**Directions:** Could you copy exactly the lines below, beginning at the line with "Archivos de diseño" and stopping after the line with "Klockan levereras i", with no pictures?

**Working data:**
--------

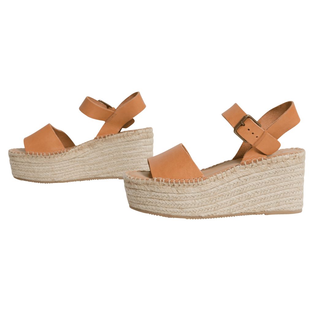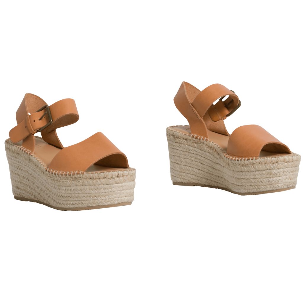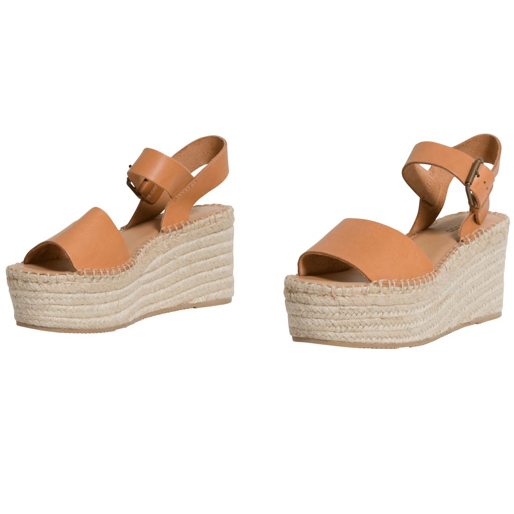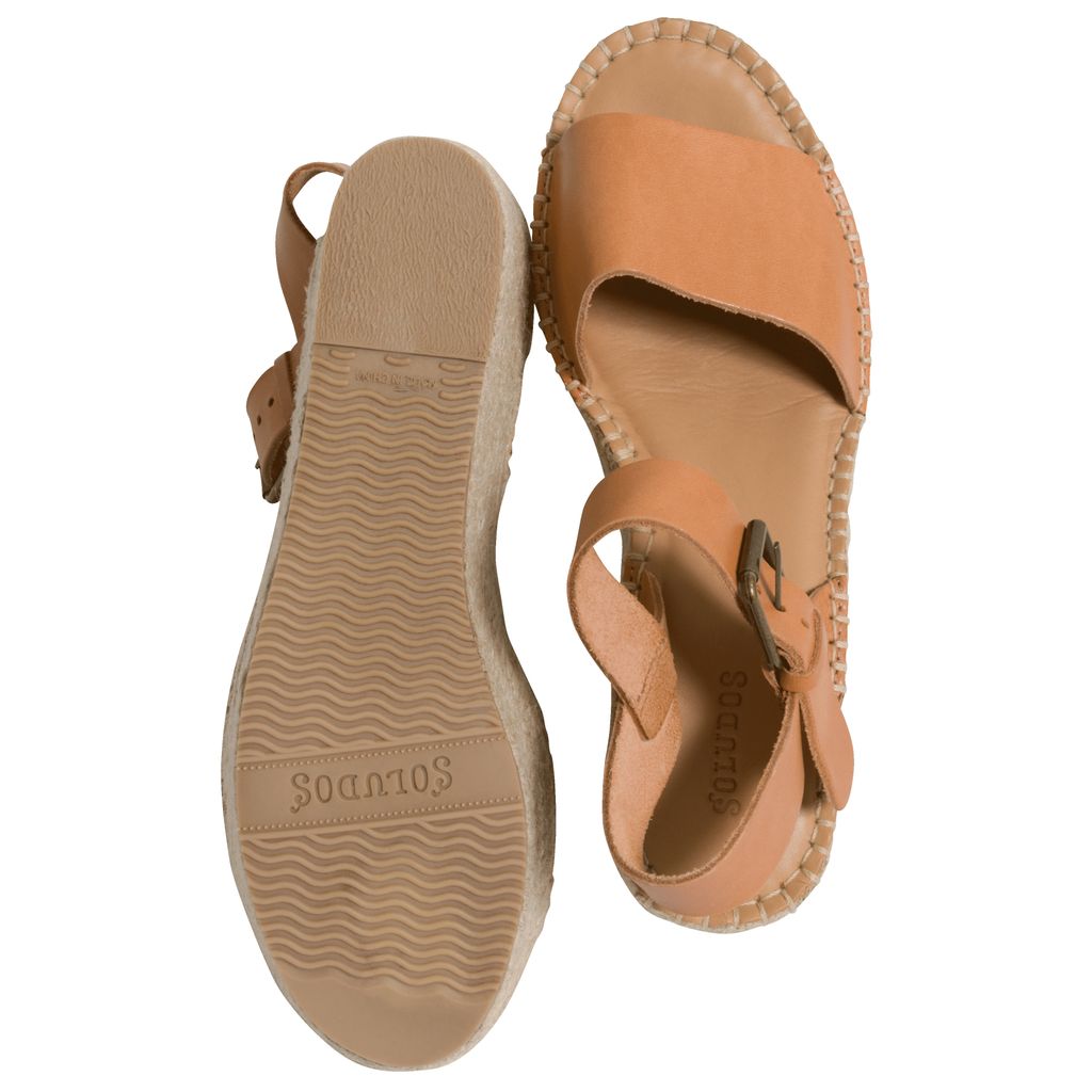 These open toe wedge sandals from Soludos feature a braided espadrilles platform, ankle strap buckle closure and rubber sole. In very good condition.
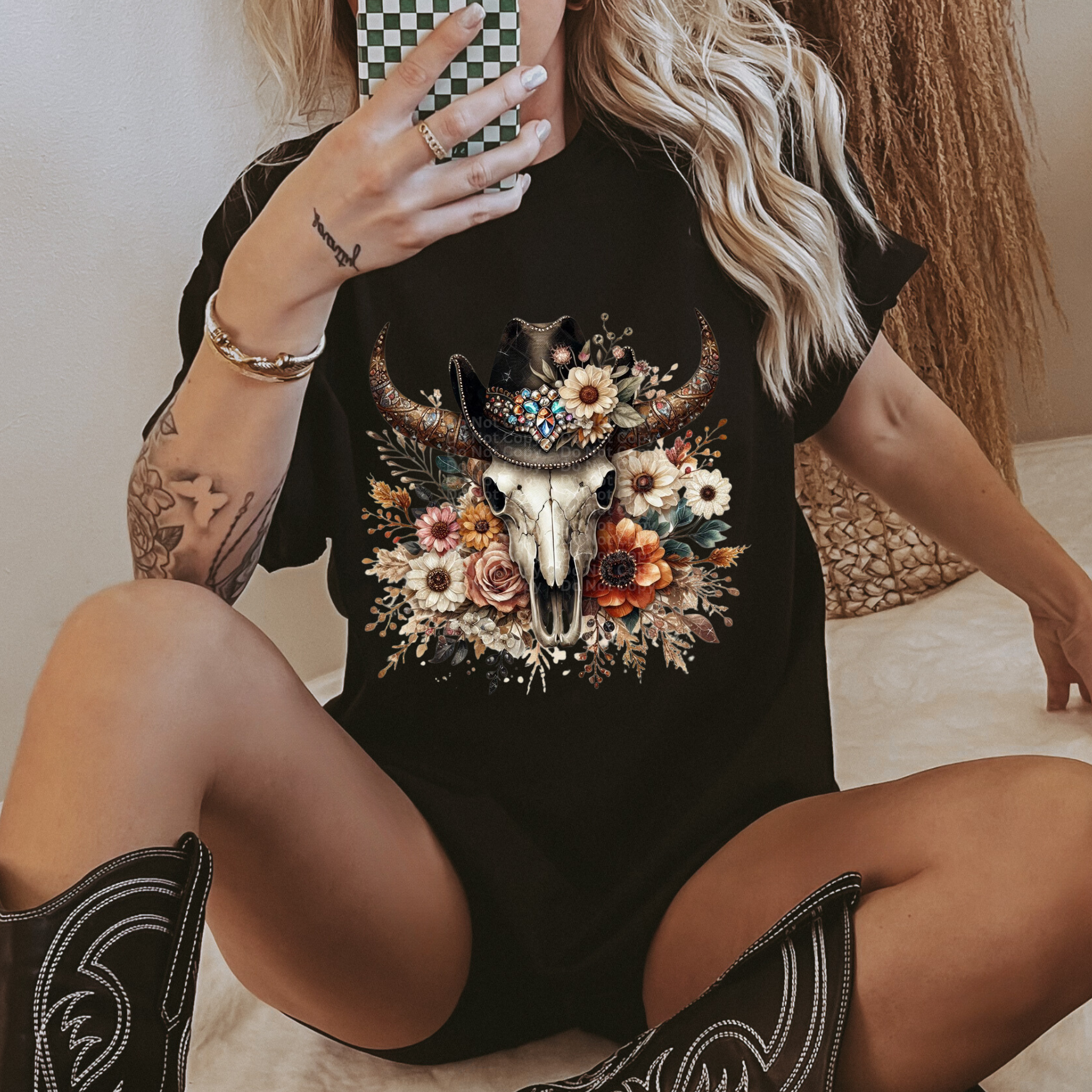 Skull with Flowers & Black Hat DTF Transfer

--------

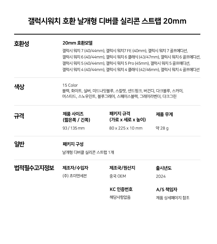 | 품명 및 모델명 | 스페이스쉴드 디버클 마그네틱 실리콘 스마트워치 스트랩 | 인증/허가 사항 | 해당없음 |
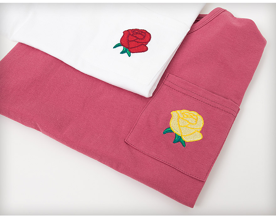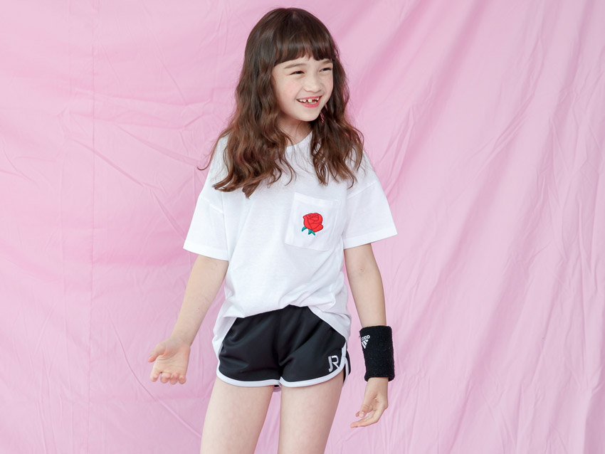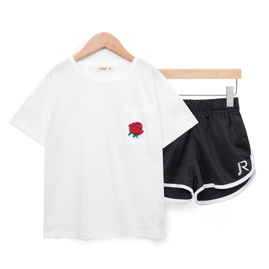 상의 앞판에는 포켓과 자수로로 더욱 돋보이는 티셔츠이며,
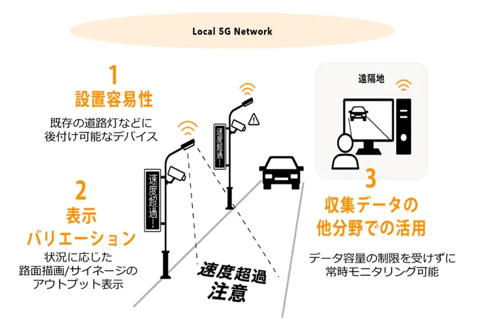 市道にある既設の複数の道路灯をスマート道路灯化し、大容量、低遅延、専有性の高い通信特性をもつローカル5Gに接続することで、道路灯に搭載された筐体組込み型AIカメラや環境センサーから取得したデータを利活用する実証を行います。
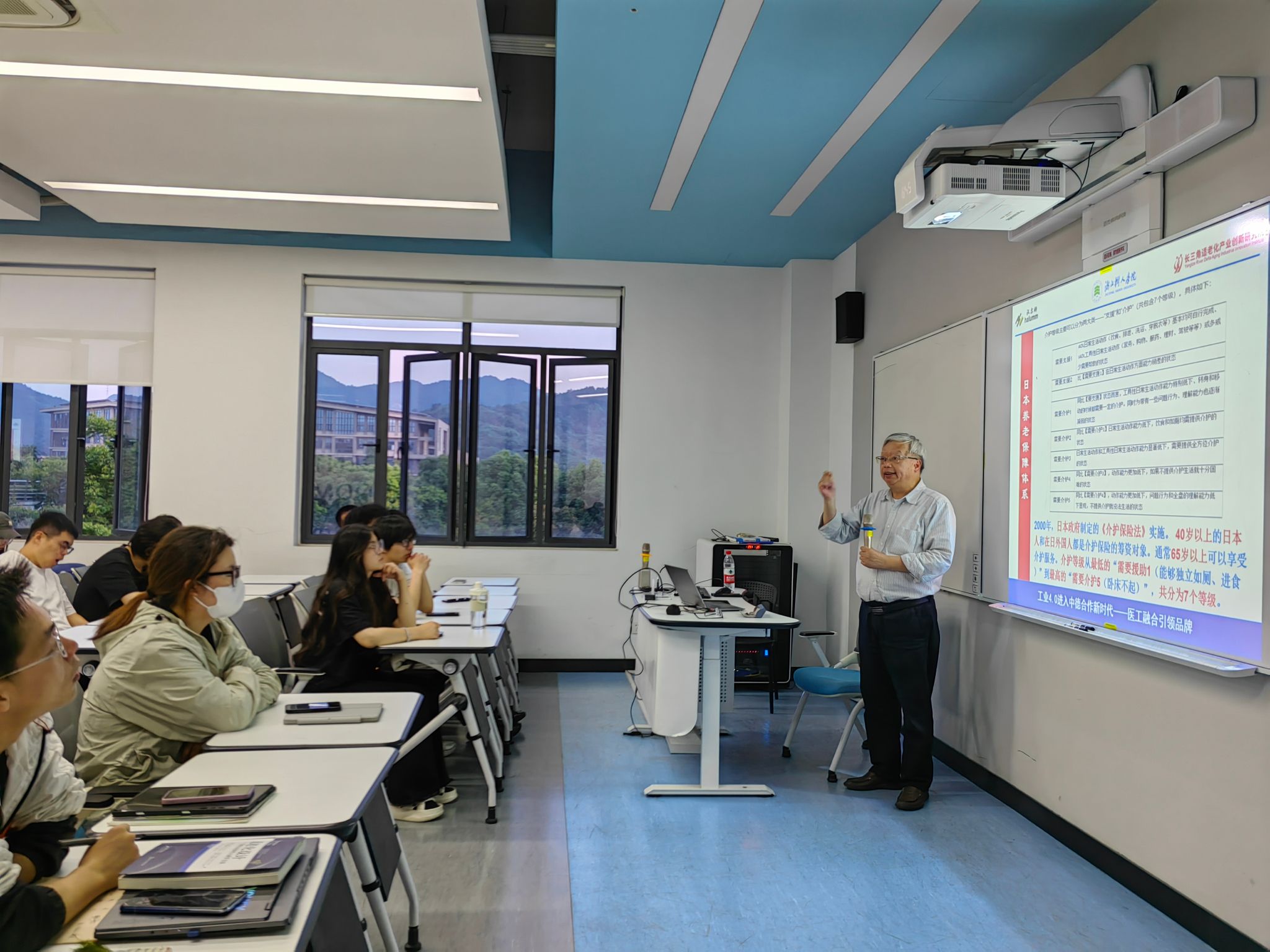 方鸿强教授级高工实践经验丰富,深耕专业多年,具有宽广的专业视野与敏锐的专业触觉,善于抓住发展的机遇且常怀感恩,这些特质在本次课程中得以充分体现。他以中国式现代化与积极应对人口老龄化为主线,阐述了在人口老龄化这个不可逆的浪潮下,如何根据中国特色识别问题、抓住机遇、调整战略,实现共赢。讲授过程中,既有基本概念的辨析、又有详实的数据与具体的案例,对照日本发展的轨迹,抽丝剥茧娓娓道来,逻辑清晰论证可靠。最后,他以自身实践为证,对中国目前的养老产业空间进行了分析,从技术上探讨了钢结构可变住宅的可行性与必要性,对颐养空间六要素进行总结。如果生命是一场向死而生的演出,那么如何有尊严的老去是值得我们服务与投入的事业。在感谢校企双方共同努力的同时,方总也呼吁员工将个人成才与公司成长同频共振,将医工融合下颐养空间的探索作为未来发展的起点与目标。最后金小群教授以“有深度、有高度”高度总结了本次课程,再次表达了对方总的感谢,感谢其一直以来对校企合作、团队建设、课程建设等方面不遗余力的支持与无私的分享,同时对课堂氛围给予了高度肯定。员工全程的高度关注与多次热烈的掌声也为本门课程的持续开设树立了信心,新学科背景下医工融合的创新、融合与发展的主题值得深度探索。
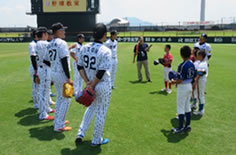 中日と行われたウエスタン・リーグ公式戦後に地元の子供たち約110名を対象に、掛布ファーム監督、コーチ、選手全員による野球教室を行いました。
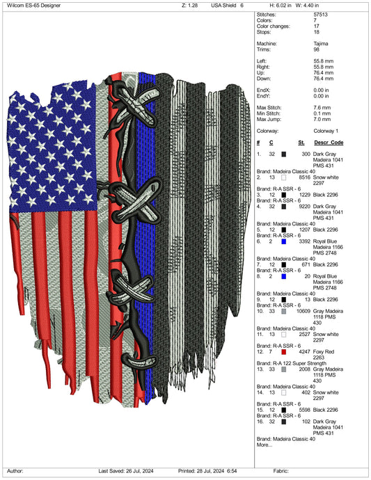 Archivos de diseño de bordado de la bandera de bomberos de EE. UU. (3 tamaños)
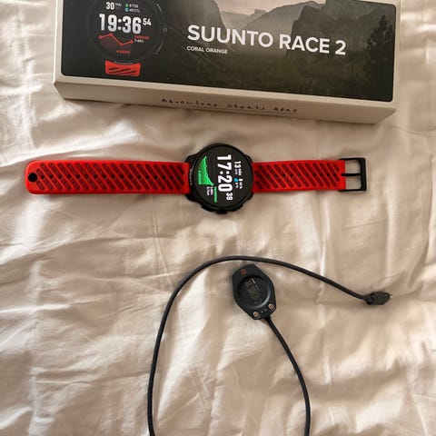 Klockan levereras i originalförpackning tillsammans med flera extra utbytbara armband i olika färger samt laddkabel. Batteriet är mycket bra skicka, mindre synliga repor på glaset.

--------

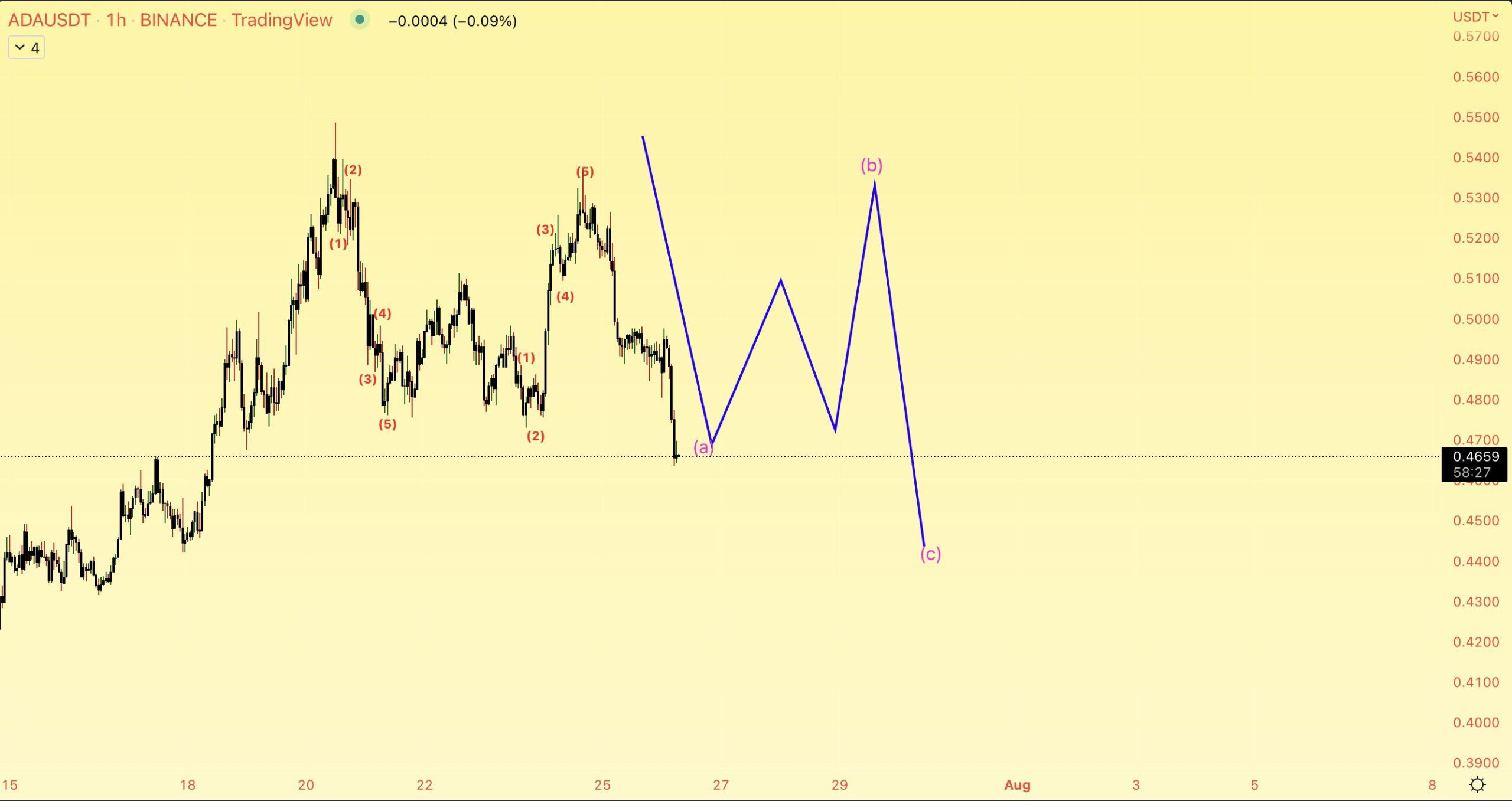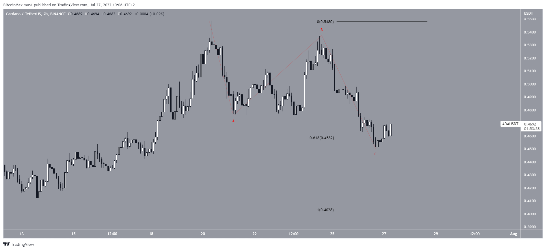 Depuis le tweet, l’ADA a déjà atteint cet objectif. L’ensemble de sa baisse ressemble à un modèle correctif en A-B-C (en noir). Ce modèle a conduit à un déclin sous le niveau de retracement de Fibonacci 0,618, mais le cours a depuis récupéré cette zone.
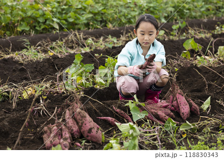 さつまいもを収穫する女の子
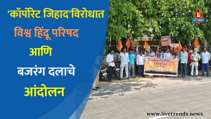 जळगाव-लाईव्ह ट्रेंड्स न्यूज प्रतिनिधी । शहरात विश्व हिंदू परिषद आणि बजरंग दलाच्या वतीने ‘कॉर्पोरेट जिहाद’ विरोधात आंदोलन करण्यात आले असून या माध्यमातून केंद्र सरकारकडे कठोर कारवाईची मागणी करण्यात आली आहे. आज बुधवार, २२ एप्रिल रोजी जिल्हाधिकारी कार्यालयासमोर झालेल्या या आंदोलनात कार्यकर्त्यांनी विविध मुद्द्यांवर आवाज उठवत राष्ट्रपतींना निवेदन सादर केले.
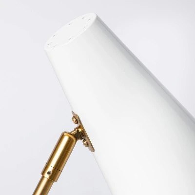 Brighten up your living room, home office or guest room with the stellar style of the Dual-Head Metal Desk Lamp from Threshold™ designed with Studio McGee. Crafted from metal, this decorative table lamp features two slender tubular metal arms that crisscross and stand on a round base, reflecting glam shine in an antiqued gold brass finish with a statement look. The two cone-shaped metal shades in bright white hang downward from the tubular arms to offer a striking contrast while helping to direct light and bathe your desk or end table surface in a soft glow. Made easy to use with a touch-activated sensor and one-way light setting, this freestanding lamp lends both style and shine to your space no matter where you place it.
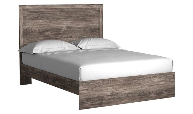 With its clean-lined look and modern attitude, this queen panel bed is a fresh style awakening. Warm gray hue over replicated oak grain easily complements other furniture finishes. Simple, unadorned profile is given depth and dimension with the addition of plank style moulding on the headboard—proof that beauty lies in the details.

--------

**Output of the exercise:**
 Archivos de diseño de bordado de la bandera de bomberos de EE. UU. (3 tamaños)
 Klockan levereras i originalförpackning tillsammans med flera extra utbytbara armband i olika färger samt laddkabel. Batteriet är mycket bra skicka, mindre synliga repor på glaset.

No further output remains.